Carrying with it both the exhilaration of newfound freedom and the fear of ostracism, the coming-out experience is weighted with enormous meaning to gay people. It is, in fact, a central and unifying event that bridges even great differences among us. Telling our coming-out stories -- the funny stories of sudden and amazed self-recognition, the stories of apprehension and tough decisions, the joys of finding intimacy and love beyond words, the sweet and sour reactions of those we care about -- is a unique bonding experience, a cultural folk ritual that transcends class, culture, age, race, and gender differences. The following happens every day in a hundred cities: two gay people of whatever cultural background run into each other at the laundry, the library, or the post office. One recognizes that the other is gay and strikes up a conversation. The first most likely question? "When did you come out?" The subsequent conversation, told in brief, coded paragraphs, may extend to coffee or lunch, creating a unique connection, often a memorable moment, and sometimes even a lifelong friendship.

On a first date, at dinner parties, in college dorm rooms, at rap groups, in virtually every social situation where gay people find each other or get to know each other, our coming-out story is the ice-breaker, the common experience that unites us. We even celebrate National Coming Out Day every October 11 (commemorating our second March on Washington, in 1987) as an annual grassroots event, a ritualized remembrance of this most central aspect of our lives. On NCOD, I have attended "coming-out-speak-outs" at which I was mesmerized for hours by the coming-out stories of gays and lesbians from every corner of life.

A trip to a gay bookstore anywhere in America will attest to the centrality of the coming-out experience. The shelves are lined with handbooks and how-tos galore on coming out to ourselves, our friends, our families, along with multiple volumes of first-person testimonies.
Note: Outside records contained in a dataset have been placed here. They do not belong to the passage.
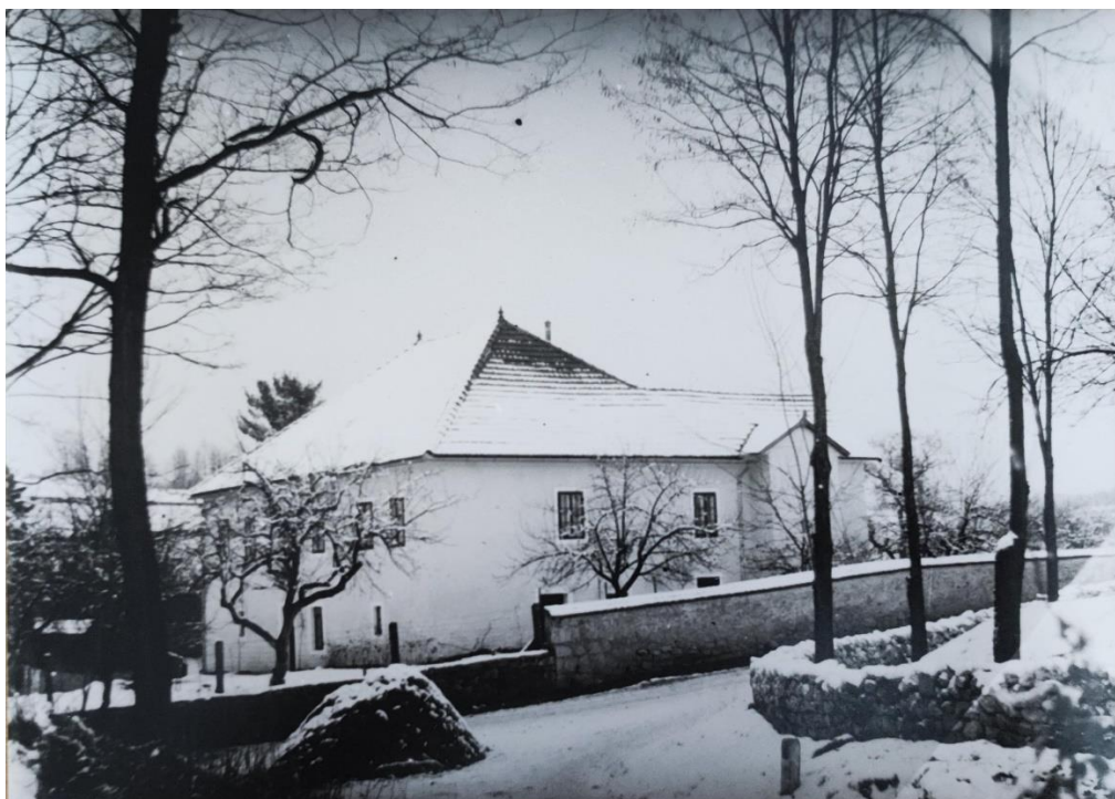
Slika 20: Fotografija dvora u Lipi (autor: Alfonsus Šibenik, izvor: Valentina de Lipa)

Osim što su obiteljske fotografije u kontrastu, tu su i slike dvora u Lipi, koji označava centar i glavnu točku mjesta. Ove obitelji su se slikale ispred njega, što dodatno naglašava njegovu važnost. Osim kontrasta između novih i starih obiteljskih slika, važan je i kontrast između slika samog dvora kroz različite vremenske periode.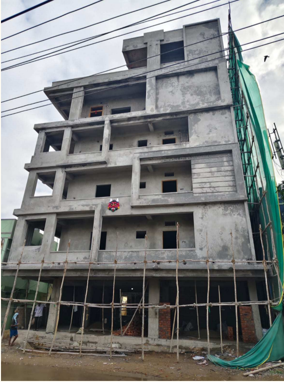
జగద్దిగుట్ట వాల్టర్ వర్వ్ కార్యాలయం ముందు భారీ అక్రమ నిర్మాణం - ప్రజావాణిలో ఫిర్యాదులు సైతం బుట్టదాఖలు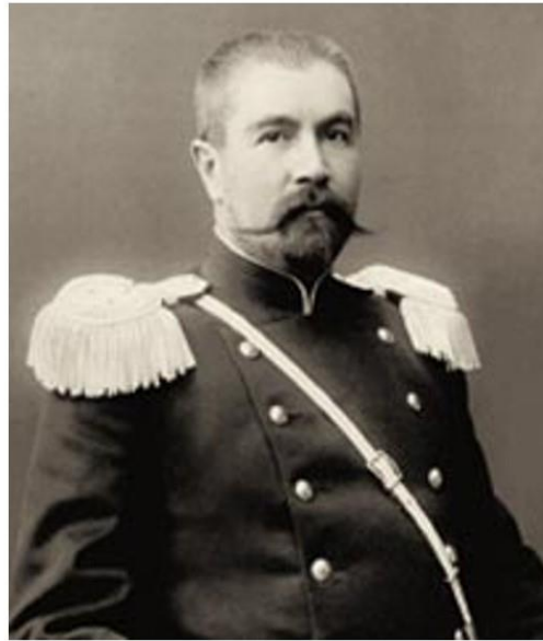
Курманджан-датка, портрет неизвестного художника, 1908 г. и Б. Л. Громчевский, начальник Ошского уезда (1893 – 1895) фотопортрет из коллекции Библиотеки Русского географического общества

Алимбек, дослужился до должности визиря при Кокандском хане и во время его частого отсутствия Курманжан становилась фактической правительницей Алая. В 1862 году правитель алайских киргизов погибает от рук заговорщиков, и его вдова полностью берёт бразды правления родом в свои руки.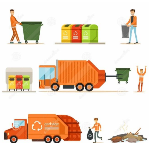
Slika 1: Prikupljanje i transport otpada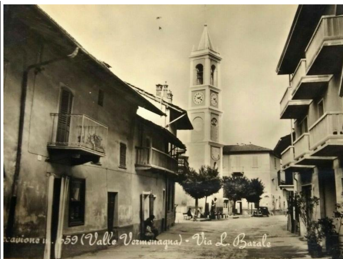
Cartolina con scorcio del campanile, 1960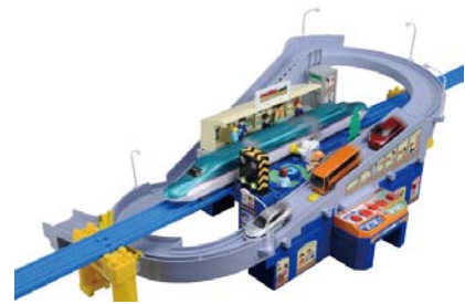
「トミカと遊ぼう！スーパーオートステーション」 *車両、トミカ、プラキッズ、レール、橋脚は別売りです。

【マニュアルモード】の場合、自分のボタン操作で車両の停車、発車をコントロールすることが可能です。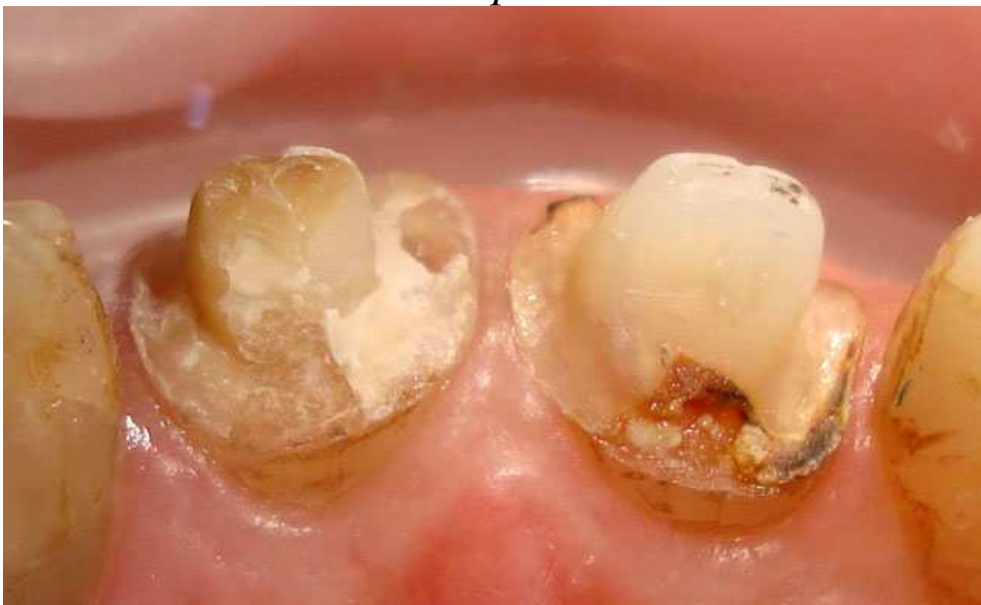
Мал. 4. Стан зубів після зняття реставрацій. Оральна поверхня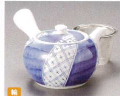
47915-139 祥瑞急須 2,000円 2×12入 (350cc)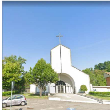
38. CHIESA SANFRANCESCO D'ASSISI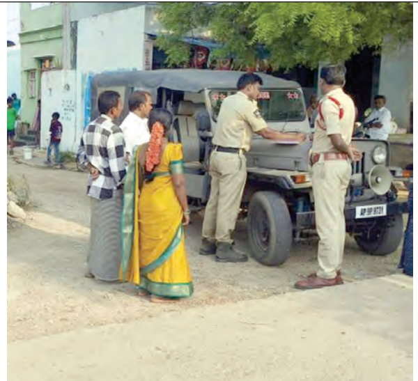
వివరాలు తెలుసుకుంటున్న ఎస్ఐ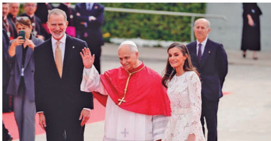
Recepción de Felipe VI y doña Letizia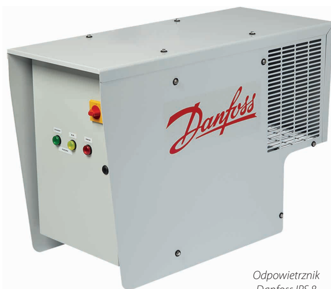
Odpowietrznik Danfoss IPS 8

W systemie autonomicznym, oddzielenie czynnika chłodniczego od NSG odbywa się przez niezależnie działającą jednostkę skraplającą, mającą tylko jeden punkt połączenia z podstawową instalacją chłodniczą. Wynikiem tego jest łatwa instalacja, szybkie uruchomienie, mniejsze ryzyko wycieków wewnętrznych i zewnętrznych oraz znacznie szybsze odessanie czynnika w celach serwisowych.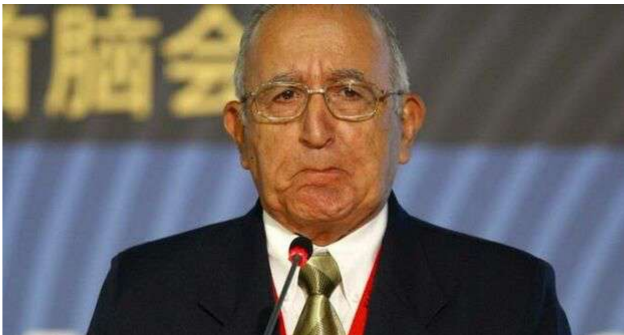
Ulises Rosales del Toro en 2009, cuando fue elegido vicepresidente del Consejo de Ministros.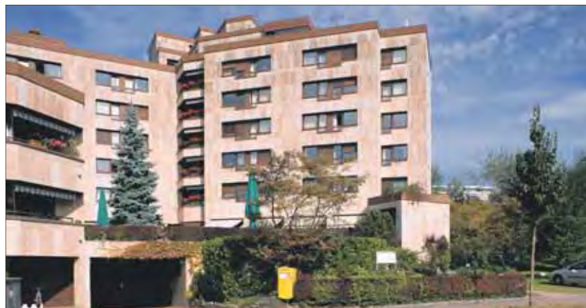
Im oder vor dem «Riedhof» geht auch nach 30 Jahren noch die Post ab.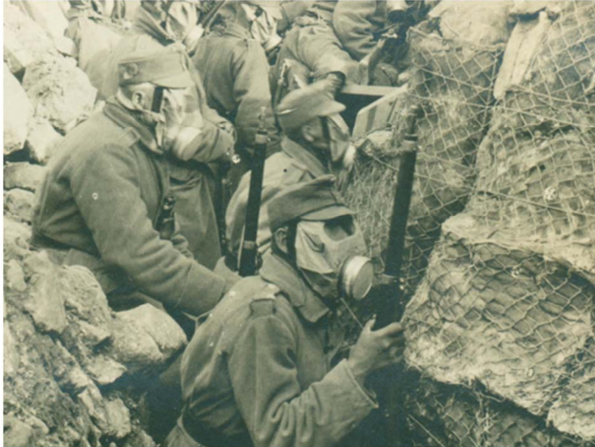
Soldaten im Schützengraben an der Südwestfront (am Isonzo) schützen sich mit Gasmasken vor einem bevorstehenden Gasangriff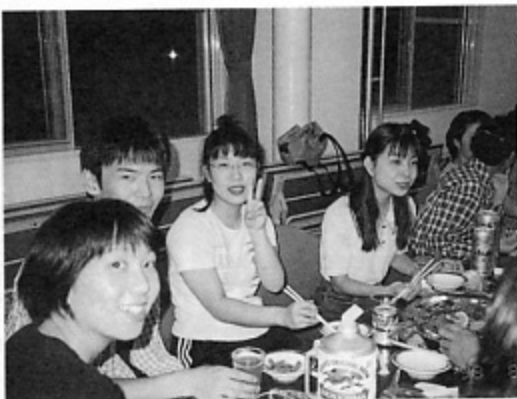
「飲みすぎて目の前に星があるう～」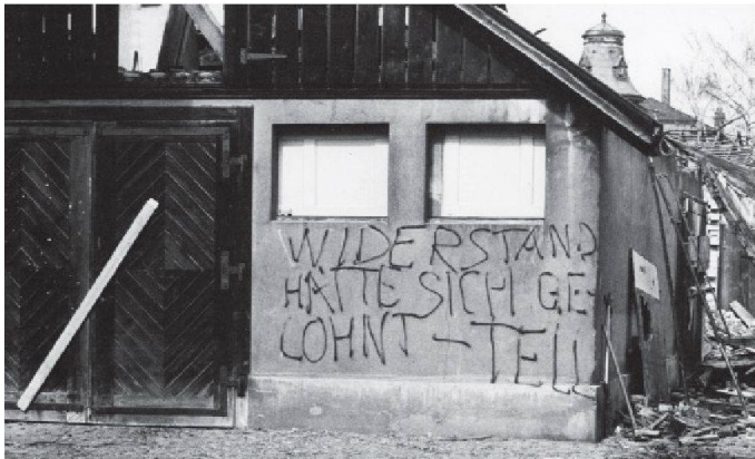
01 Sprayerei anlässlich des «Tell»-Abbruchs 1981 in Langenthal, Gilles Aubry und Yves Mettler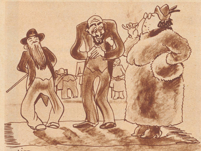
Im Heiratsvermittlungsbüro. Zeichnung von R. Lips

Schwer von Entschluß. «Hat Ihre Tochter einen Beruf?» «Noch net. Sie entschließt sich so schwer. A jeder von ihren Verehrern will sie zu was anderem ausbilden lassen.»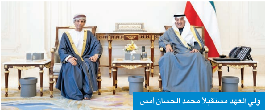
ولي العهد مستقبلاً محمد الحسان أمس

من جانب آخر، استقبل سمو ولي العهد، أمس، الممثل الخاص للأمين العام للأمم المتحدة في العراق رئيس بعثة الأمم المتحدة لمساعدة العراق السفير د. محمد بن عوض الحسان، بمناسبة انتهاء عمل وولاية البعثة.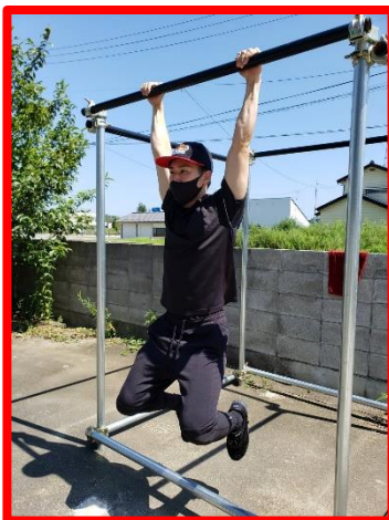
②スタートの合図で足を地面から離す

My local gay and lesbian bookstore, Lambda Rising, in Washington, D.C. carries a line of greeting cards to congratulate friends on the occasion of their coming out to parents or co-workers. We seem never to tire of the staggering varieties on this common theme; it is a staple of our growing body of fiction, film, and art. There is even an unauthorized but commonly used Anglican ceremonial blessing specifically designed to celebrate coming out.

Coming out, however, is not a single fixed act. It is a dynamic, recurrent and complex process: a personal, psychological, and inevitably, political process that continues throughout our lifetimes. There may be months or years between steps, but once we begin the process of coming out to ourselves, we begin a brave journey of continuous unfoldings. And none of us is ever alone in the process. New generations are constantly coming out to themselves and to others for the first time. Others are moving on to their next steps in the process.

And it all begins with each individual's brave first step of self-awareness and self-acknowledgment.